Camera Tips

Just wanted to mention a few things I’ve figured out from playing with the camera. You may already know all this, but I wanted to pass it on just in case.

1. Pan and zoom buttons can be held down to increase the amount of the adjustment. The arrow buttons for panning the camera left, right, up, and down, as well as the ‘+’ and ‘-‘ zoom buttons, can be held down, rather than merely clicked. If you hold the mouse button down longer, the amount of the pan, or zoom, continues to increase until you release the button. This is handy for things like scanning across a landscape; until I figured this out I’d just click the pan button to scoot over a little bit, then click again to scoot a little more.
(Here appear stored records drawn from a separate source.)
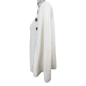 - Style: Loose-fit, high turtleneck poncho with shoulder button details
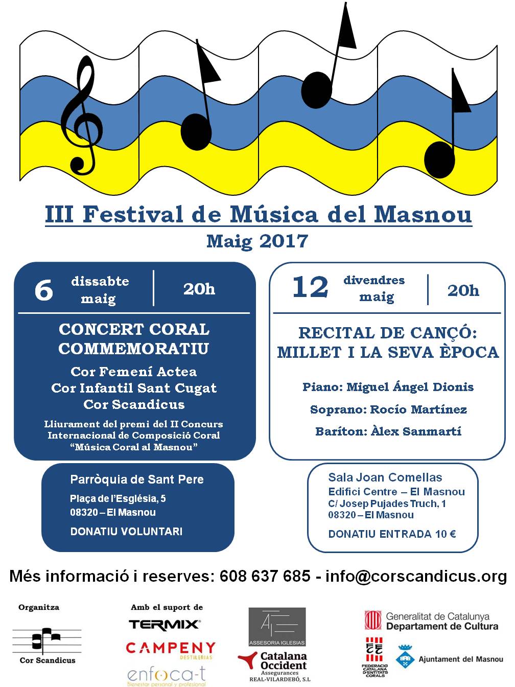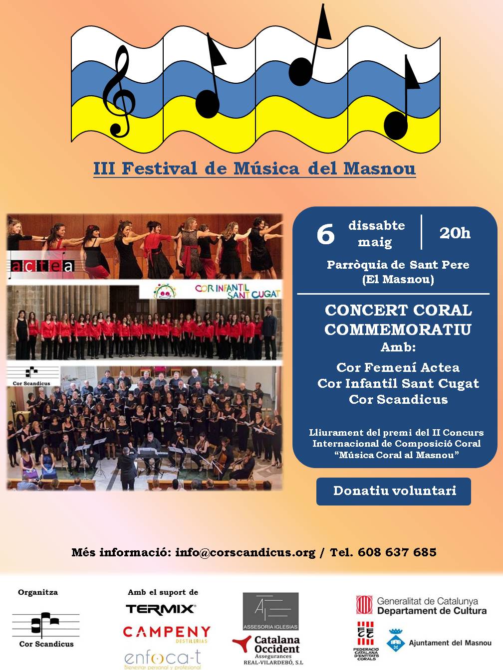 Primer concert del III Festival de Música del Masnou: Concert coral a l’Església de Sant Pere (El Masnou) que va comptar amb la participació del cor femení Actea, el Cor infantil Sant Cugat i Cor Scandicus. Va tenir lloc el lliurament del premi de la II edició del Concurs internacional de composició coral “Música Coral al Masnou”, que es va atorgar al compositor veneçolà Víctor Daniel Lozada per la seva obra “Canción de cuna para Panchito”.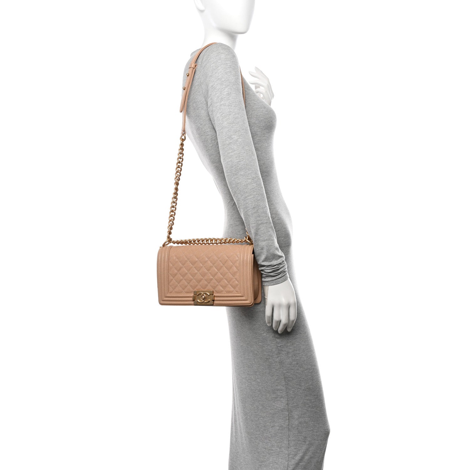 This is an authentic CHANEL Caviar Quilted Medium Boy Flap in Beige. This chic shoulder bag is crafted of diamond quilted caviar leather in beige with a linear quilted border. The bag features an aged gold chainlink shoulder strap with a leather shoulder pad and a Chanel boy CC push lock on the front flap. This opens to a matching beige fabric interior with a patch pocket.Follow this item for alerts. Chanel is a registered trademark of Chanel. FASHIONPHILE is not affiliated with Chanel.
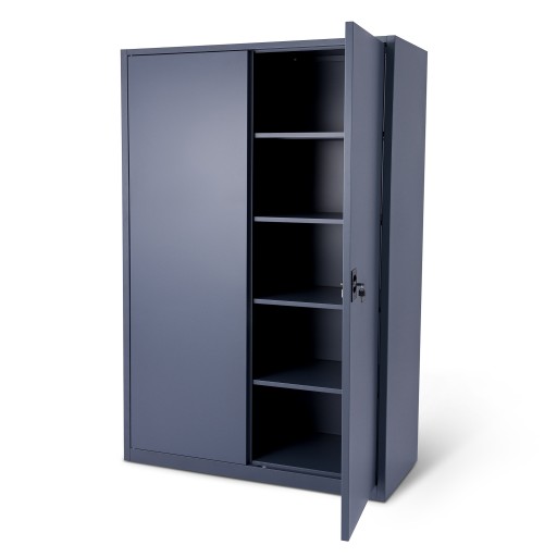 Szafa wyposażona jest w 4 stabilne półki. Każda półka może być obciążona ciężarem do 50 kg ( przy równomiernym rozłożeniu obciążenia ). Solidna i stabilna konstrukcja szafy w połączeniu z wysokiej jakości 3 punktowym zamkiem zapewniają ochronę przed dostępem nieuprawnionych osób.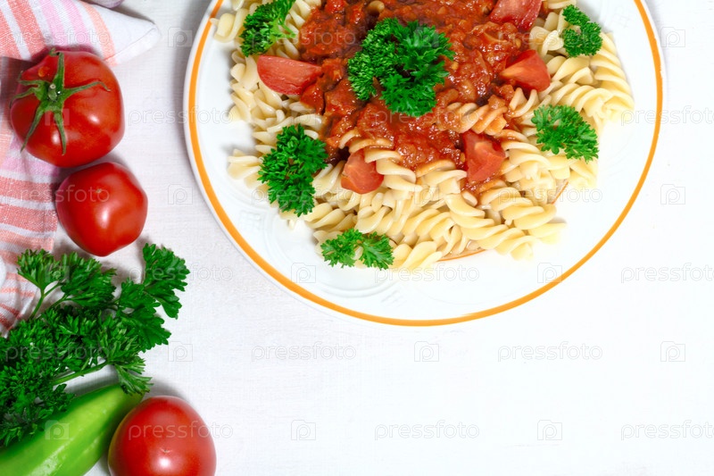 Макароны с помидорами, петрушкой и сладким перцем на белом фоне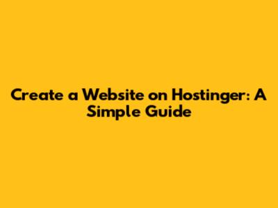 Create A Website On Hostinger: A Simple Guide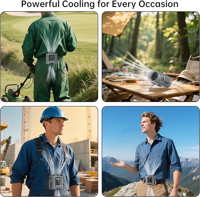 - 【Portable and Lightweight】This wearable fan is compact and lightweight, weighing only 0.83lb, making it easy to carry for outdoor activities such as yard work, fishing, hiking, jobsite and traveling, etc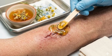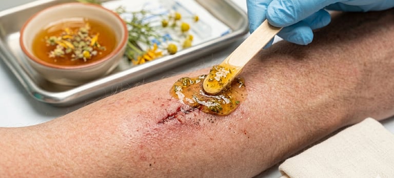 Multiple mechanisms: acid pH (3.2–4.5) inhibits bacterial growth; osmotic activity dehydrates bacteria; slow-release hydrogen peroxide has antibacterial effect; anti-inflammatory properties reduce swelling. Apply a generous layer of raw, pure honey directly to a clean wound. Cover with dressing. Change every 12–24h. Never use industrially processed honey.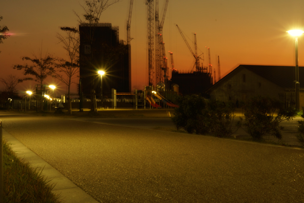 夕焼けがオレンジ色で明るいと感じちゃうけど、昼間と違って暗い中の撮影。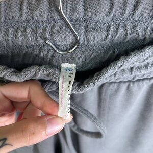 Comfortable gray jogger pants with drawstring waist and pockets. Been worn quite a bit but no stains

Now I can move the rectangle all the way over to a fresh position adjoining the area previously scanned, covering a lot of ground relatively efficiently.
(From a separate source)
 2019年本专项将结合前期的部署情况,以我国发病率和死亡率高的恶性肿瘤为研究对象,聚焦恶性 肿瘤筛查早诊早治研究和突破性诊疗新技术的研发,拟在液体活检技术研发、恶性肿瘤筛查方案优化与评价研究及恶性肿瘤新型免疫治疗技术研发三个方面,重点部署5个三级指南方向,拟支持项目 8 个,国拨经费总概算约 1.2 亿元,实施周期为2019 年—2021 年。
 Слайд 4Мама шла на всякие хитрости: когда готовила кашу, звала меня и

2. The colors of the preview rectangles correlate with the colors of the usernames in the “Online” box. By comparing the color of the rectangles in the positioning panorama with the colors of the listed usernames, you can tell who’s voting to position the camera where. I’m not sure how useful that is, but it lets you grumble more specifically when you’re in a pointing war with someone. “Look at the birdbath!” “No, look at the feeders!” “No, zoom in on the third leaf from the left in that tree over there!” Grr.
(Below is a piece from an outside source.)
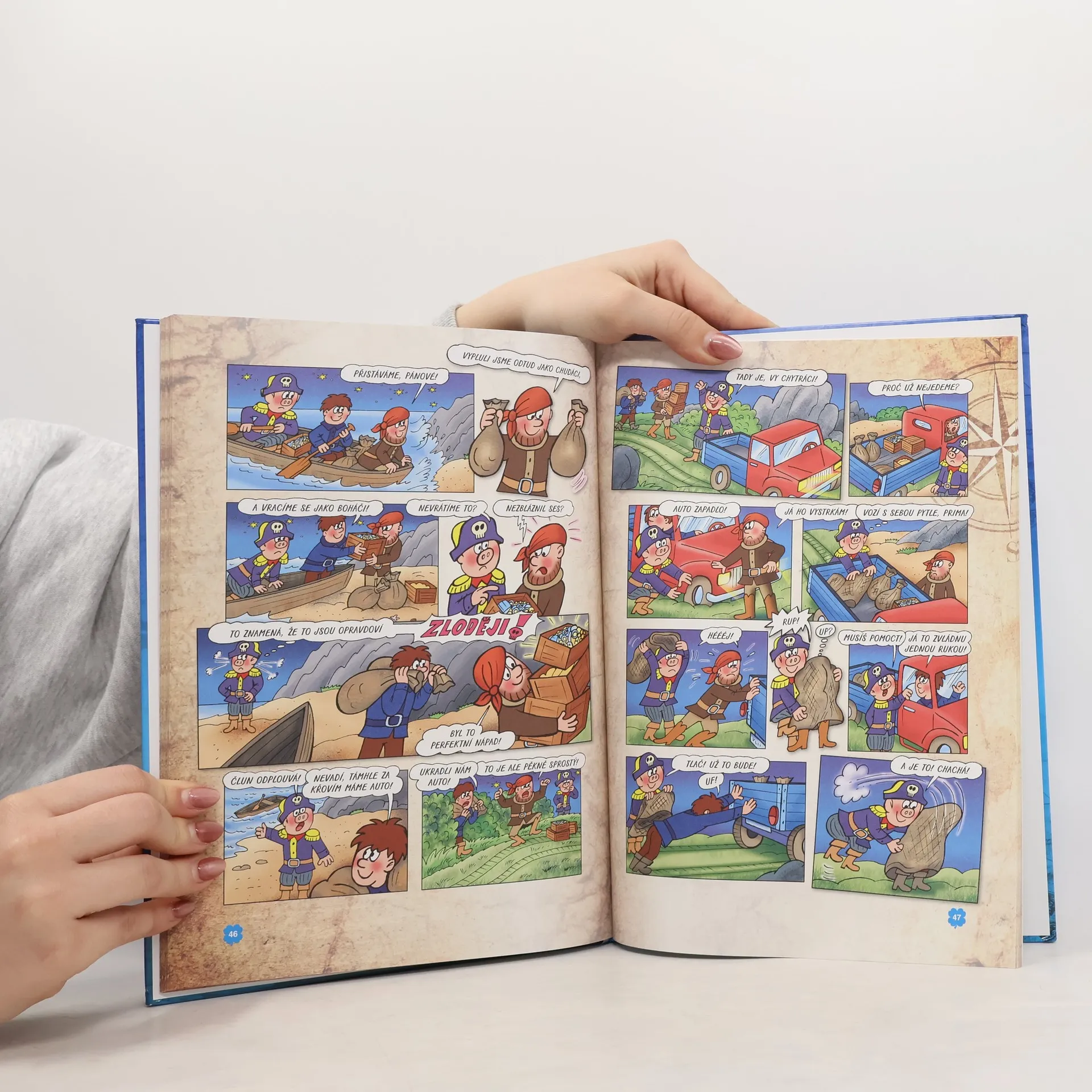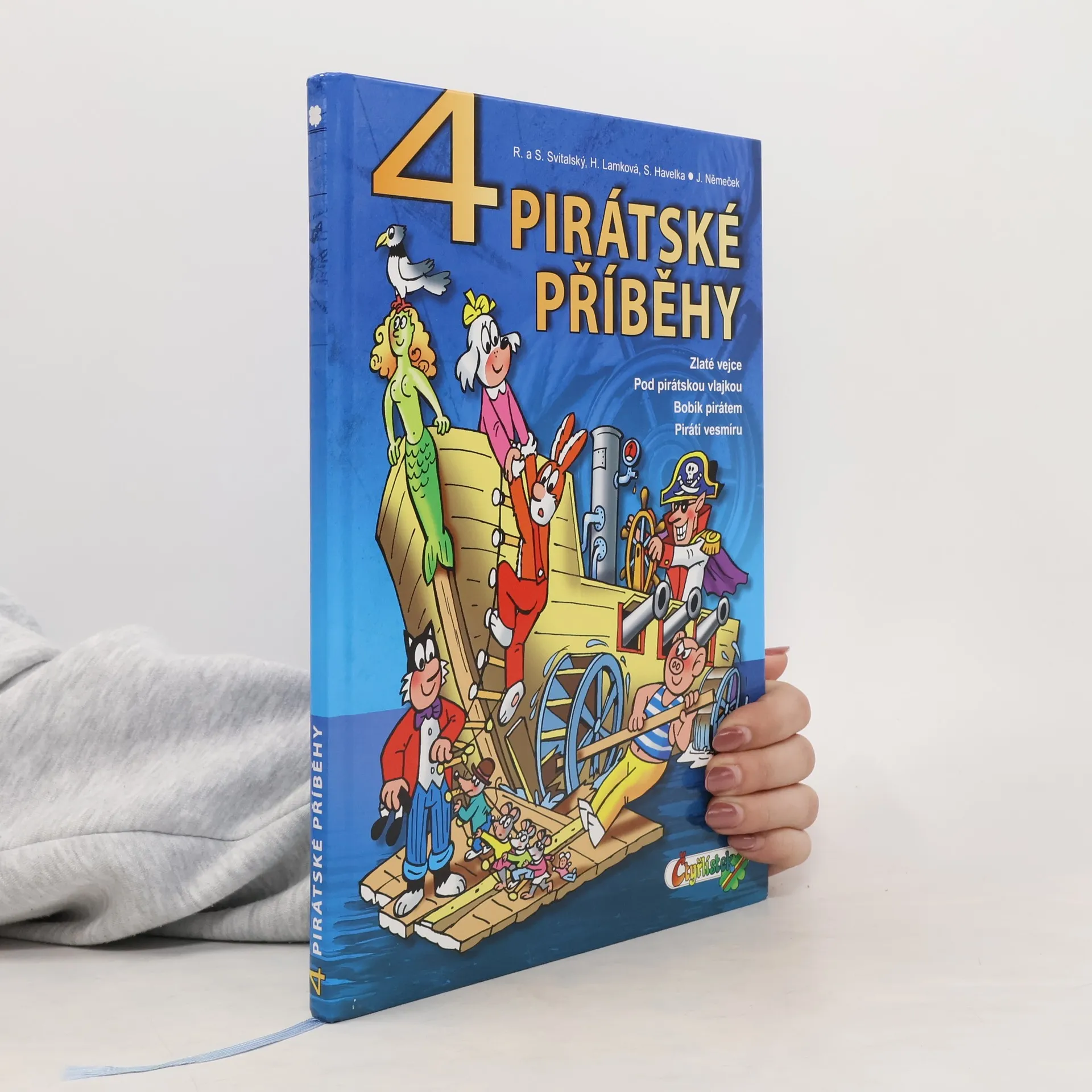 Kniha obsahuje příběhy: Zlaté vejce – Čtyřlístek na dovolené náhodou objeví poklad a podaří se mu zachránit dvě zakleté bytosti. Pod pirátskou vlajkou – Setkání s pravými středověkými piráty v časové smyčce Bermudského trojúhelníku. Bobík pirátem – Neopatrní piráti zamění Bobíka za jednoho ze svých kumpánů, a to se jim šeredně vymstí. Vesmírní piráti – Čtyřlístek se utká s novodobými piráty, které přesvědčí, že je lépe pomáhat, než škodit

3. Pointing is collaborative, rather than via a queue. This leads me to my final item. A lot of the time, it seems like people are taking turns positioning the camera. One person draws a rectangle, there’s a pause, and the camera goes there. Someone else draws a rectangle, pause, and the camera goes there. It feels like we’re taking turns, and as long as only one person is drawing a rectangle between successive “beats” of the system, that is indeed what’s happening.

But the pointing algorithm is more sophisticated than that. I spent some time today reading through the PDFs in the “Related Publications” section of the CONE site, and although I got lost in the math pretty quickly, the gist of it is that when multiple pointing requests are received during the same beat, the software controlling the camera does its best to figure out the pan and zoom that will make the largest number of users happy.

It’s not just an average of all the inputs; that would be stupid, since one person trying to look at the feeders and another trying to look at the birdbath would result in the camera pointing to no-man’s-land in between. And it’s not just a rectangle that encompasses as many of the users’ rectangles as possible, since that would likewise be stupid: Users are requesting a particular zoom factor for a reason, and giving a zoomed-out view that encompasses two zoomed-in requests isn’t going to make either user happy.

Instead, the camera says, okay; how can I make the largest number of users happy? Then it does that.

(From Dezhen Song and Ken Goldberg’s Networked Robotic Cameras for Collaborative Observation of Natural Environments — 480K PDF file.)

The cool thing about this is approach is how well it scales. With a queue, having too many users seriously degrades the experience. But with this approach, there’s actually the possibility that the user experience will get better as the number of users increases. It’s that wisdom of crowds thing. Individually we’re stupid, but collectively we can be pretty smart, and having a means of polling everyone in real-time means the dummies get out-voted.

In practical terms, what this means for me is that I shouldn’t treat camera pointing as a queue, at least not when it’s important. Most of the time I’m happy to let someone else drive. But when there’s something specifically going on that I really want to see, I should be in there drawing rectangles for all I’m worth. And the rest of you should be, too. Don’t wait for your “turn”. Just go for it, and let the software figure it out.